2008-Aug-21 12:12 UTC

head link

[dtrace-discuss] How accurate is "ustack"?

Hmm. Just speculating since I don''t enough about sun4v, but could it 
be something to do with the processor switching to another CMT thread 
when the process blocks waiting for memory?

Since almost all of the user time is spent in one function (as 
determined by the profile provider) I started doing some timing of 
this particular function. I discovered that there are three distinct 
times that the thread can take through the code path. The shortest was 
about the same on the two processors, but the longest was quite a bit 
longer on the sun4v. I suspect that this longer time represents the 
time when the data is not in the cache. My understanding of CMT is 
that when the thread blocks on memory, the processor switches to a 
different thread.
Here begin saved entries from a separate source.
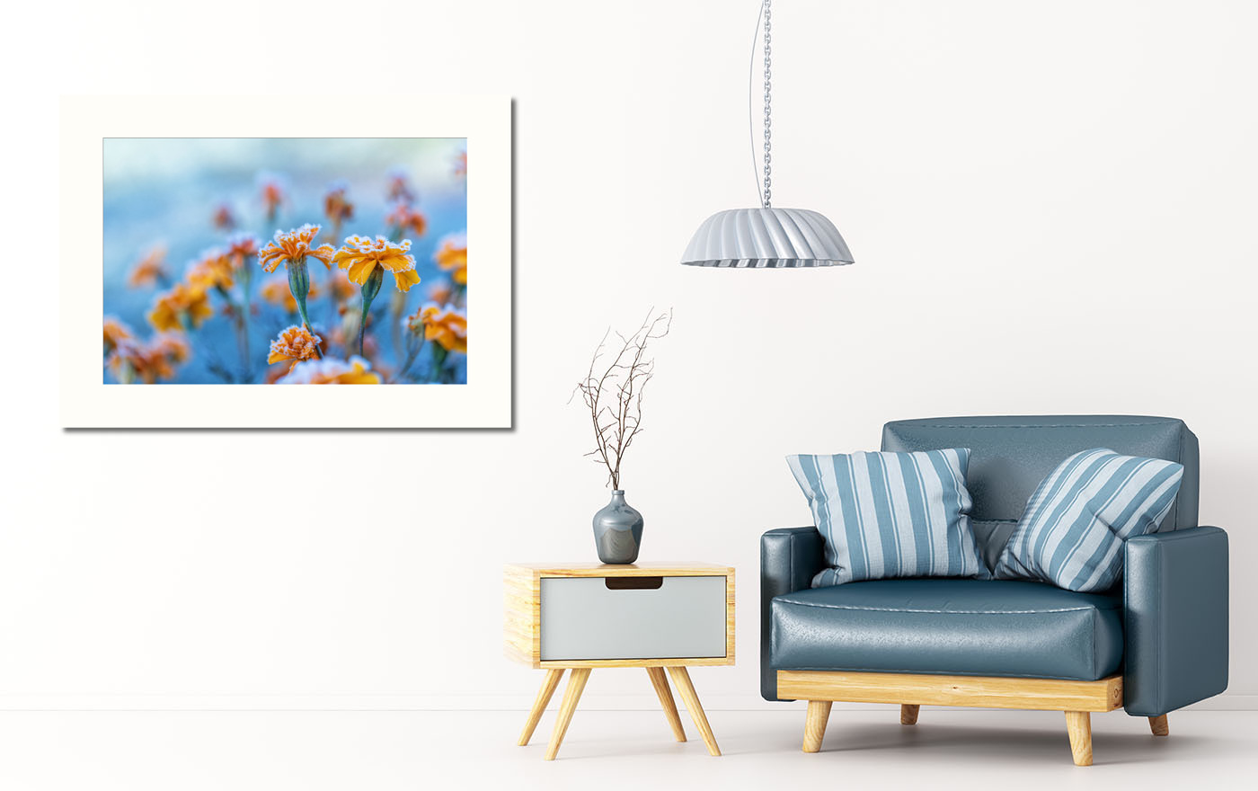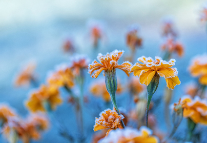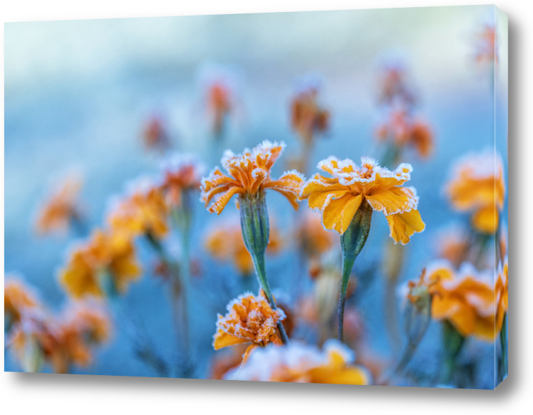 Яркие оранжевые цветы бархатцы покрытые колючими холодными кристаллами инея осенним морозным утром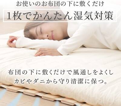湿気が気になる場合は、モットンの下にすのこを敷きましょう。竹製や木製のすのこは通気性が高く、湿気やカビを防ぎます。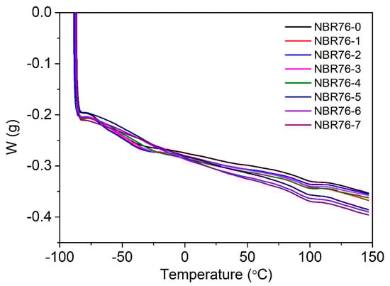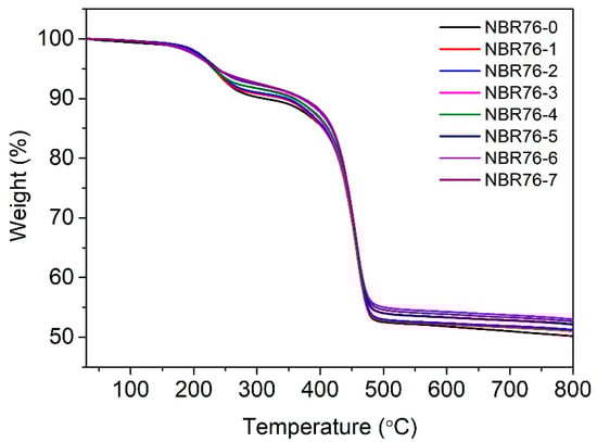 The TGA curves of the NBR with different γ-ray irradiation doses are shown in Figure 8. It was found that NBR76 began to decompose at 200 °C, the decomposition rate increased at 250 °C and reached its highest decomposition rate at 400 °C, and the decomposition ended at 475 °C, with a weight loss rate of over 50%. Rubber carbonization occurred as the total irradiation dose increased, and the carbonization rate increased. The residual carbon rate increased as the cross-linking density increased [35]. Meanwhile, the temperature increase from 10% degradation further indicated that γ irradiation promoted a cross-linking reaction.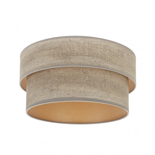 Pantalla de la serie SMILE de color MADERA GRIS. Realizado en material textil. Diseñada para cogida a un portalámparas E27 en la parte inferior de la pantalla para PIE DE SALÓN. Formada por dos cuerpos dispuestos por tamaños descendentes de mayor a menor, resultando una composición de diseño muy original y moderno, recordando a la madera, ideal para decorar en rincones de salones, dormitorios, comedores y zonas de trabajo. Tiene unas dimensiones de 40x35x21 centímetros. Podemos encontrar en esta serie varios tamaños y diseños, todos realizados en tejidos que nos recuerdan a madera clara, madera oscura, madera gris, óxido y madera negra.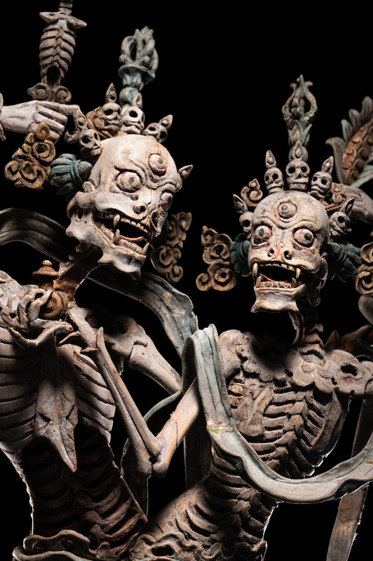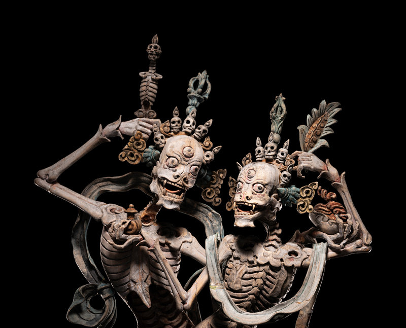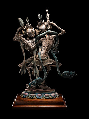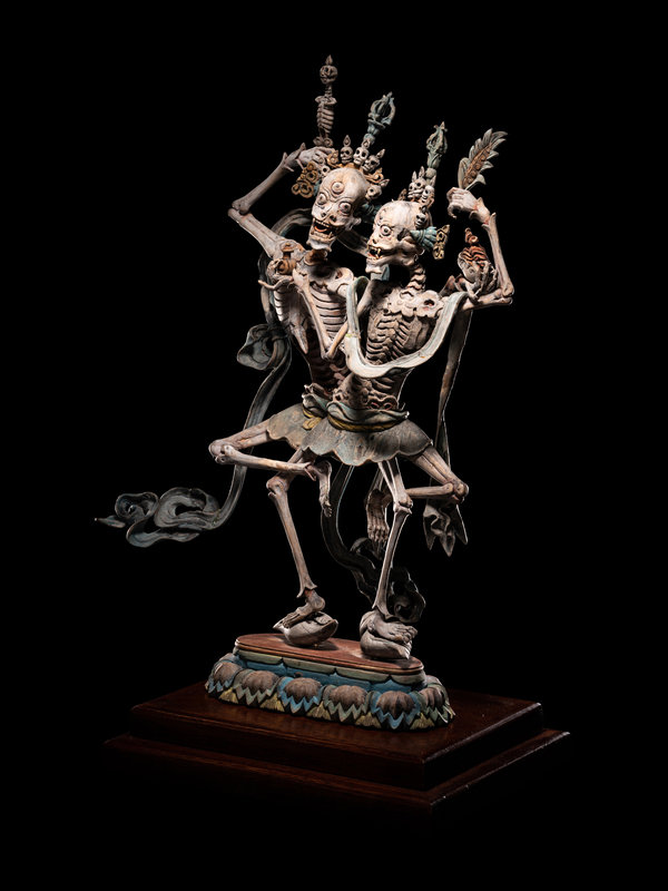 finely worked to show the two skeletal protectors shown in ardhaparyankasana with arms embraced and knees intertwined, creating a mirror image of eachother while balanced on conch and cowrie shells, all while holding ritual implements aloft. Each having a third eye, and wide toothy smile, shown wearing a crown of five skulls and draped in a weightless billowing sash. The whole raised above a lotus lappet pedestal and later hardwood stand.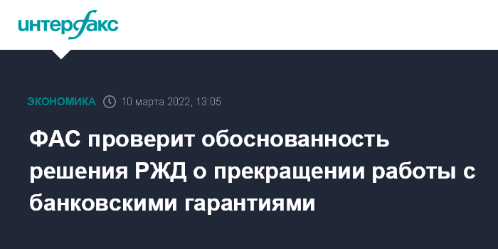 ФАС проверит обоснованность решения РЖД о прекращении работы с банковскими гарантиями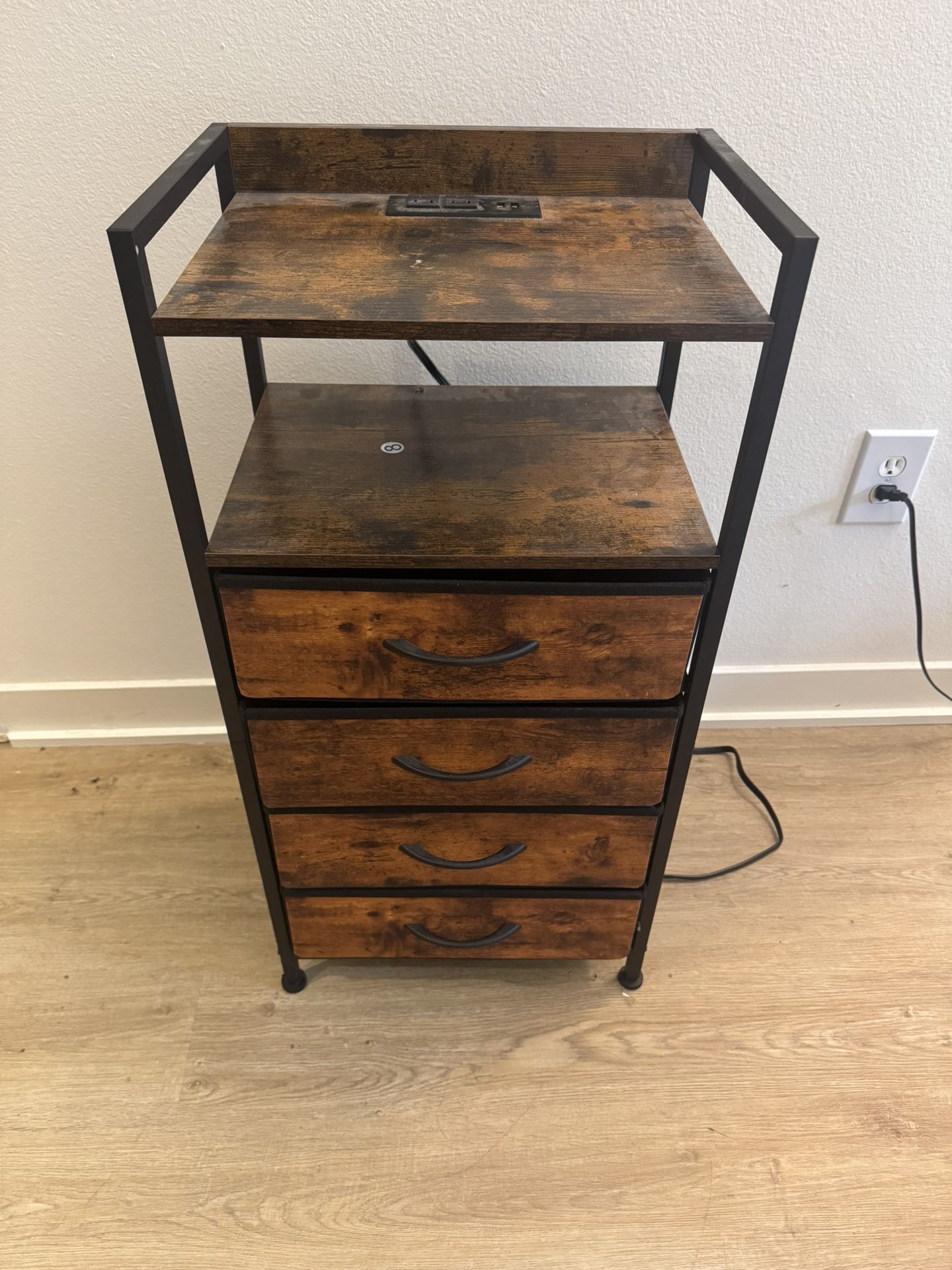 Metal/Wood Small table with usb ports, multiple uses around the house! Four fabric shelves for organization. 16” W x 11” D x 33” H

That would imply a different address mapping space 
as well, wouldn''t it? Perhaps there is a window where the PC points 
one  place, but the address space is pointing another? Just a WAG.


Jon Haslam wrote:> 
>> One more thing. On the T1000, I run this script:
>>
>> #!/usr/sbin/dtrace -s
>> profile-997
>> /arg1 && execname == "ssh"/
>> {
>>          @[execname,pid,ustack()]=count()
>> }
>> profile-997
>> /arg1 && execname == "sshd"/
>> {
>>          @[execname,pid,ustack()]=count()
>> }
>> profile-50s
>> {
>>          exit(0);
>> }
>> END
>> {
>>          trunc(@,1000)
>> }
>>
>> and I get a whole bunch of errors that look like this:
>>
>> dtrace: error on enabled probe ID 1 (ID 1853: profile:::profile-997): 
>> invalid address (0x3bb98000) in action #4
>>
>> The only difference on these is that the address is different each 
>> time. I don''t get these message on the v220 at all. Any ideas
what the
>> problem is?
>>   
> 
> I had a quick look at this a while ago and here are a few
> observations I made. Firstly though, what version of Solaris are
> you running? Do you see the errors spasmodically or all the time?
> 
> It could be down to the fact that early on in a processes lifecycle
> and very periodically during its lifetime (for mmu synchronisation)
> we can have an invalid user mmu context. When we go and walk the
> user stack we''ll have an invalid secondary context and
you''ll
> see these errors.
> 
> Also it could be that you''re catching a process very early on in
> its lifecycle when we have an address space setup but we have no
> mappings loaded. When we walk the stack we induce user pagefaults
> with the loads and get the invalid address errors.
> 
> I would expect to see these errors on all SPARC and not just
> 4v though so I''m not sure why you don''t see these errors
on
> 4u though. Could be something completely different though...
> 
> Jon.
> 
>>
>> Brian Utterback wrote:
>>  
>>> I have been doing some profiling using the profile provider. I have
a
>>> command that runs more slowly on the T1000 than it does on prior 
>>> systems and I am trying to find out why. Using the profile provider
>>> at 1000 hz, and aggregating on the ustack output, I find that the 
>>> same function appears at the top of the stack on both platforms,
but
>>> on each there are specific instruction locations within the
function
>>> that appear most often and these are different on the two
platforms.
>>> They are consistent on a platform. That is when I re-run the test
on
>>> one platform, about 4 specific PC locations will appear in the top 
>>> spots, but on that platform it is always the same 4 and the 4 are 
>>> different between the platforms.
>>>
>>> So, I am trying to figure out whether or not there is something 
>>> special happening at those locations, or just before or just after,
>>> or are they just artifacts of how the profile provider works? There
>>> are two function calls with this function, but neither set of 4 
>>> locations seem to be near the calls. And if the time was really
spent
>>> inside the next lower down level, wouldn''t that have been
reflected
>>> in the ustack output?
>>>     
>>
>>   
> 
-- 
blu

There are two rules in life:
Rule 1- Don''t tell people everything you know
----------------------------------------------------------------------
Brian Utterback - Solaris RPE, Sun Microsystems, Inc.
Ph:877-259-7345, Em:brian.utterback-at-ess-you-enn-dot-kom

Jon Haslam

2008-Aug-22 14:21 UTC

head link

[dtrace-discuss] How accurate is "ustack"?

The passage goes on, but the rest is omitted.